[INFORMATION GIVEN]
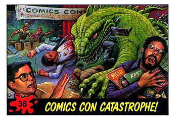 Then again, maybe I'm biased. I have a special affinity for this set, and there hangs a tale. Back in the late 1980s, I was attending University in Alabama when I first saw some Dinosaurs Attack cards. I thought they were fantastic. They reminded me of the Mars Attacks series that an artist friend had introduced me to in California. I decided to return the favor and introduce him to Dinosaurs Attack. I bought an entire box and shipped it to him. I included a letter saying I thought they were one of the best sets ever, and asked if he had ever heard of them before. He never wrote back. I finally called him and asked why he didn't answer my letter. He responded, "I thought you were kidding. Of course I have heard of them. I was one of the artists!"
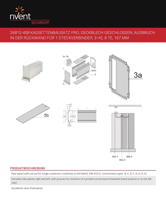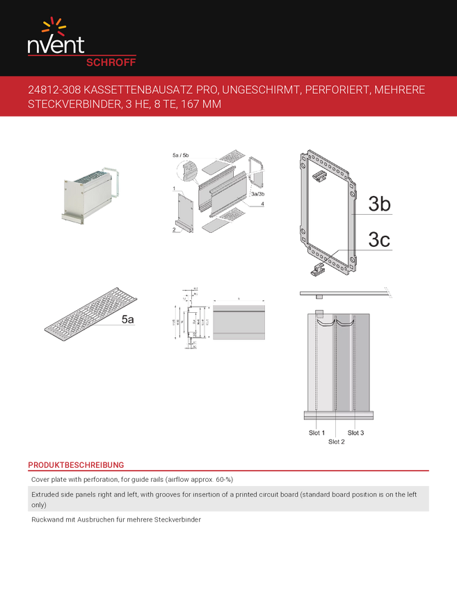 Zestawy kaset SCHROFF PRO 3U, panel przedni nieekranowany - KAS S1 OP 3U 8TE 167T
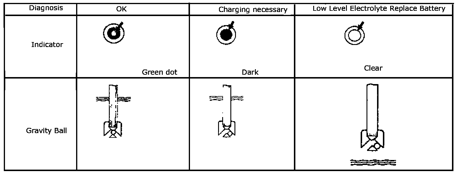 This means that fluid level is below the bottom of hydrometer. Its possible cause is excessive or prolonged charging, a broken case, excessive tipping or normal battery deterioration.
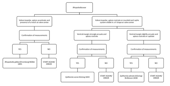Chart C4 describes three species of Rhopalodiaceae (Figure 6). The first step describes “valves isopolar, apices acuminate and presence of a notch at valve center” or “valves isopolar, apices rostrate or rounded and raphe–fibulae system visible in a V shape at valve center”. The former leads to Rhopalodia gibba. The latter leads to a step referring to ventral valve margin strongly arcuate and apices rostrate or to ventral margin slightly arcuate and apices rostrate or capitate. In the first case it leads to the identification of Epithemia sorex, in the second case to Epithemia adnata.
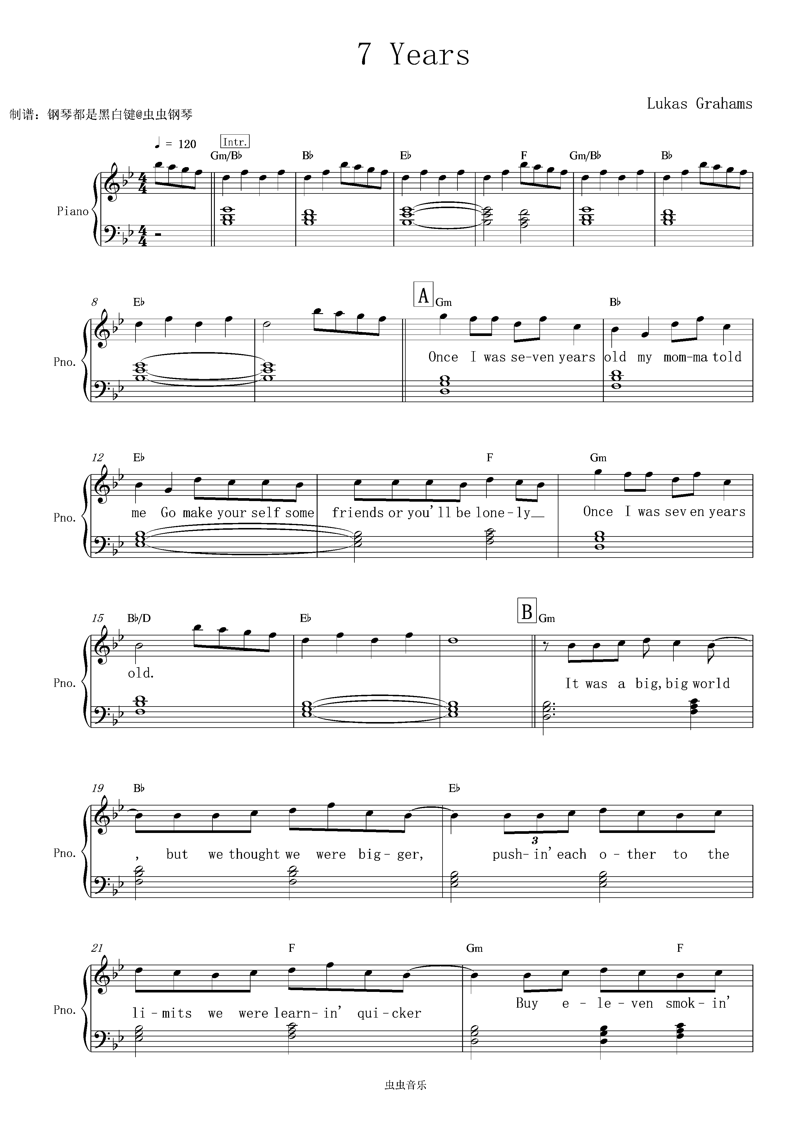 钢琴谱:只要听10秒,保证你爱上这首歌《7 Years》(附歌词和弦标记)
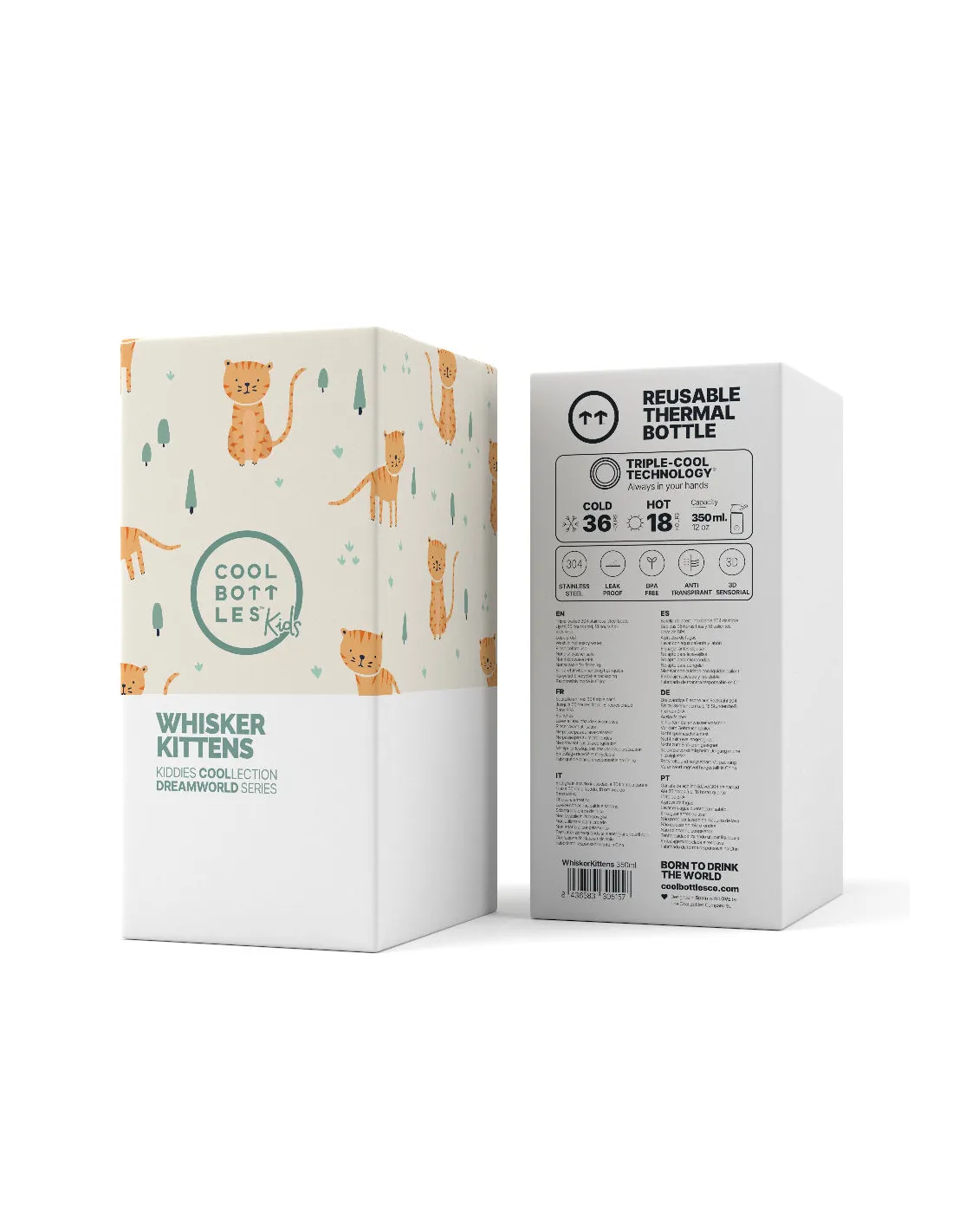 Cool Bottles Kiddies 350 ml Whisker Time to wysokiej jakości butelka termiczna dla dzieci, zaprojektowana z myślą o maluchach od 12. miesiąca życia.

[WHAT IS NEEDED]
Print the listing exactly, images excluded.

[REPLY TO THE EXERCISE]
 Then again, maybe I'm biased. I have a special affinity for this set, and there hangs a tale. Back in the late 1980s, I was attending University in Alabama when I first saw some Dinosaurs Attack cards. I thought they were fantastic. They reminded me of the Mars Attacks series that an artist friend had introduced me to in California. I decided to return the favor and introduce him to Dinosaurs Attack. I bought an entire box and shipped it to him. I included a letter saying I thought they were one of the best sets ever, and asked if he had ever heard of them before. He never wrote back. I finally called him and asked why he didn't answer my letter. He responded, "I thought you were kidding. Of course I have heard of them. I was one of the artists!"
 Zestawy kaset SCHROFF PRO 3U, panel przedni nieekranowany - KAS S1 OP 3U 8TE 167T
 This means that fluid level is below the bottom of hydrometer. Its possible cause is excessive or prolonged charging, a broken case, excessive tipping or normal battery deterioration.
Chart C4 describes three species of Rhopalodiaceae (Figure 6). The first step describes “valves isopolar, apices acuminate and presence of a notch at valve center” or “valves isopolar, apices rostrate or rounded and raphe–fibulae system visible in a V shape at valve center”. The former leads to Rhopalodia gibba. The latter leads to a step referring to ventral valve margin strongly arcuate and apices rostrate or to ventral margin slightly arcuate and apices rostrate or capitate. In the first case it leads to the identification of Epithemia sorex, in the second case to Epithemia adnata.
 钢琴谱:只要听10秒,保证你爱上这首歌《7 Years》(附歌词和弦标记)
 Cool Bottles Kiddies 350 ml Whisker Time to wysokiej jakości butelka termiczna dla dzieci, zaprojektowana z myślą o maluchach od 12. miesiąca życia.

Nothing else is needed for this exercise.